死亡危急者遺言の証人3人以上
死亡危急者遺言の証人の数を他の特別方式の遺言の場合より多くしたのは、口頭遺言の弊害を防ぎ、遺言者の真意をより一層確保しやすくするためと、難船危急時遺言におけるほど緊迫した事情にないため証人を探すことが可能ですから、証人の数を3人以上としても、遺言の機会を不当に奪うことにならないという考慮によるものです。

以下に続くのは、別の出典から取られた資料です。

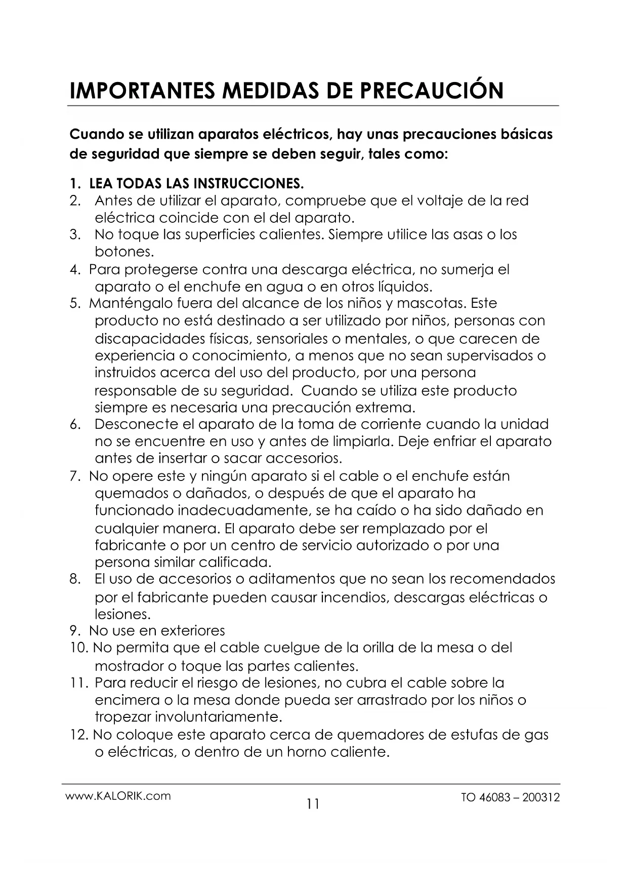 www.KALORIK.com TO 46083 – 200312 tienda donde le compró: a menudo, nuestro Servicio al Consumidor puede ayudar a resolver el problema sin que el producto tenga que ser reparado. Si hace falta una reparación, uno de nuestros representantes puede confirmar si el producto está bajo garantía y dirigirle al servicio post- venta más próximo. Si fuera el caso, traiga el producto (o envíelo, correctamente franqueado) con la prueba de compra que mencione el número de autorización de devolución indicado por nuestro Servicio al Consumidor, al servicio post- venta KALORIK más próximo. (Visite nuestra web www.KALORIK.com o llame al Servicio al Consumidor para obtener la dirección del Servicio post- venta KALORIK exclusivo más próximo). Si envía el producto, le rogamos añadan una carta explicando la naturaleza del defecto. Si tiene preguntas adicionales, por favor llame al Servicio al Consumidor (véase abajo para los datos completos), de lunes a jueves, de las 9:00 a las 17:00 (EST), y el viernes de las 9:00 a las 16:00 (EST). Note que las horas pueden ser modificadas. Si quiere escribirnos, puede hacerlo a la dirección siguiente: KALORIK Servicio al Consumidor Team International Group of America Inc. 16175 NW 49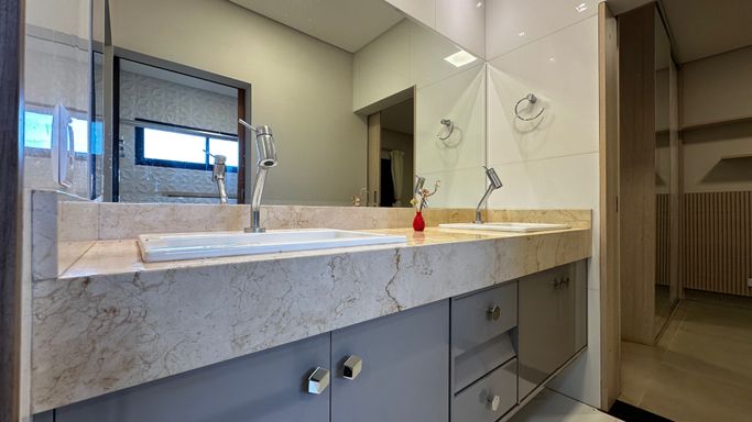 O acabamento premium fala por si: porcelanato, mármore, granito, gesso, sanca, móveis planejados, armários embutidos em todos os ambientes e energia solar para um estilo de vida inteligente e sustentável.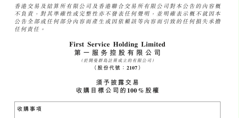 第一服务拟1.36亿元收购山东上诚物业100%股权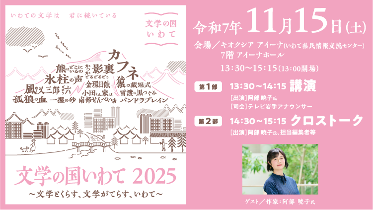 【文学の国いわて2025】本屋大賞受賞作『カフネ』阿部暁子さん講演会 11月15日(土) キオクシアアイーナ(いわて県民情報交流センター)にて開催!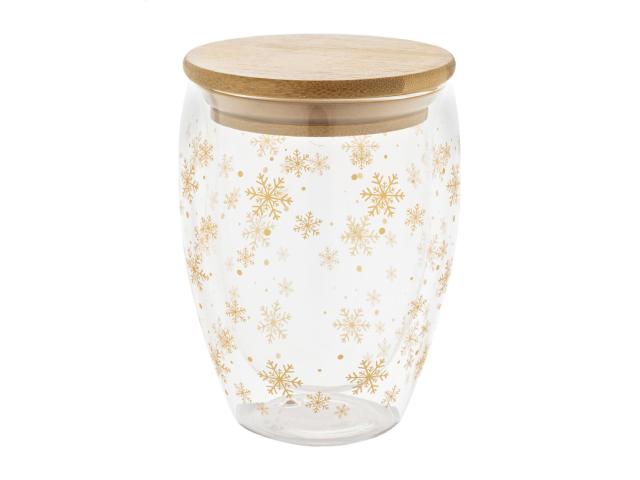 Double-wall, borosilicate glass thermo cup with Christmas snowflake design and bamboo lid, 310 ml. In kraft paper box.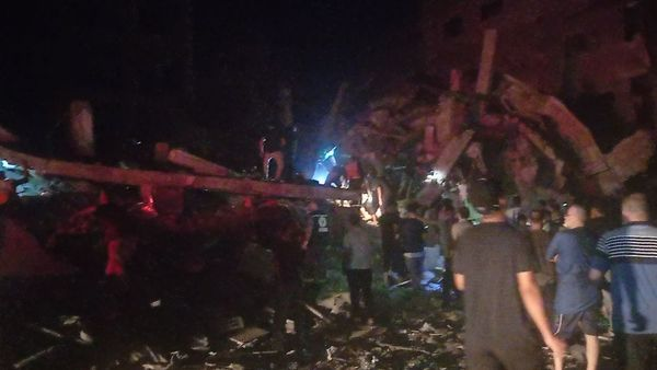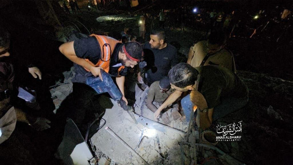 Photos indicate the strike took place at night as the rescue crews were operating with flashlights and in the dark.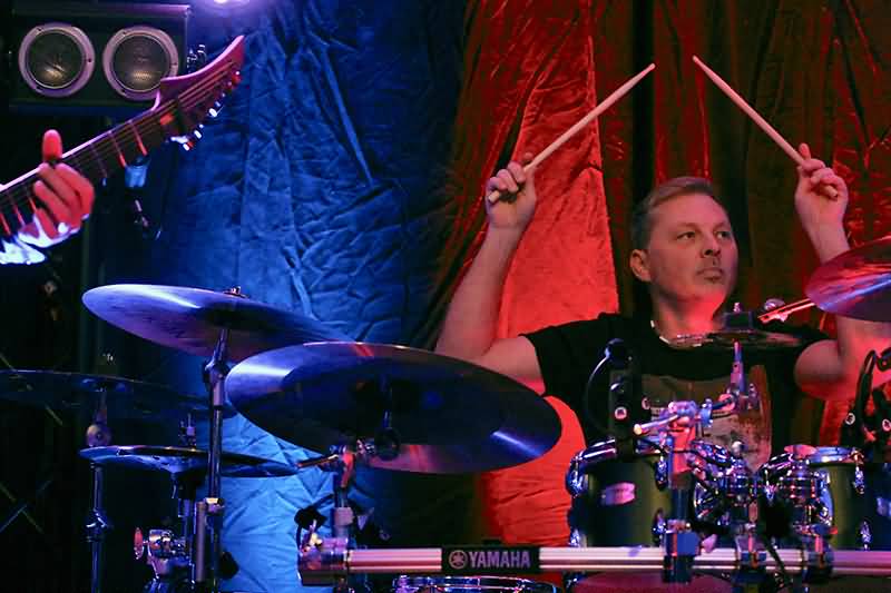 Die instrumentale Konzert-Eröffnung bot da schon eine Ausnahme von der Regel, denn das fünfzehnminütige "Footprint" beeindruckte durch seine eher getragene, luftig-leichte Auslage. Patrick Metzger gestaltete hier zeitweise durch den Einsatz von Paukenschlägeln andächtige Stimmung.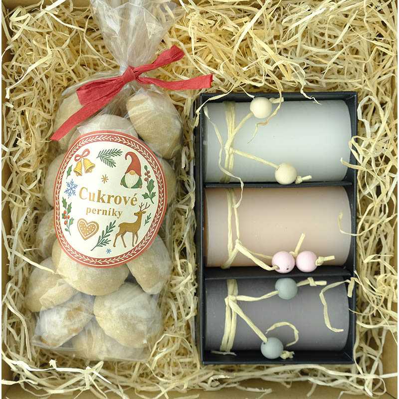 Darčeková krabica > prírodná / prírodná > 21x21x10 cm, Perníky cukrové 150g, Set vonných sviečok > viacfarebná

証人の欠格事由については、普通方式の遺言の場合と同じです。
(普通の方式による遺言の規定の準用)
民法第982条 第968条第2項及び第973条から第975条までの規定は、第976条から前条までの規定による遺言について準用する。
(証人及び立会人の欠格事由)
民法第974条 次に掲げる者は、遺言の証人又は立会人となることができない。
1.未成年者
2.推定相続人及び受遺者並びにこれらの配偶者及び直系血族
3.公証人の配偶者、4親等内の親族、書記及び使用人
証人は、筆記の正確なことを承認して署名押印しなければなりませんから、署名押印のできない者は証人となることはできません。
死亡危急時の遺言につき、適格証人が3人以上立ち会って方式を遵守してされたものである以上、右証人のほかに欠格者が証人として同時に立会い遺言者に署名押印しても右遺言の方式遵守に影響を及ぼさないとした事例があります。
証人は、全員がそろって終始継続して立ち会っていなければなりません。
証人が中座して1人しか立ち会っていない場合に筆記がなされたときは、方式違背として無効となります。
法定の適格者である証人が3人以上立ち会っていれば、ほかに欠格者の証人が立ち会っていても、遺言は有効です。
3人の適格者のほかに、推定相続人や受遺者といった遺言に直接利害関係のある証人欠格者が立ち会って、口述を筆記したり、読み聞かせたりして、その遺言全般にわたって主導的な働きをしたような場合は、この欠格者によって遺言者や他の証人が牽制される危険性が大きいから、その遺言を無効とする説があります。
遺言内容に実質的影響を与えるような立場にある者は証人欠格者になるとして受遺者の姉が立ち会った遺言を無効とした審判例があります。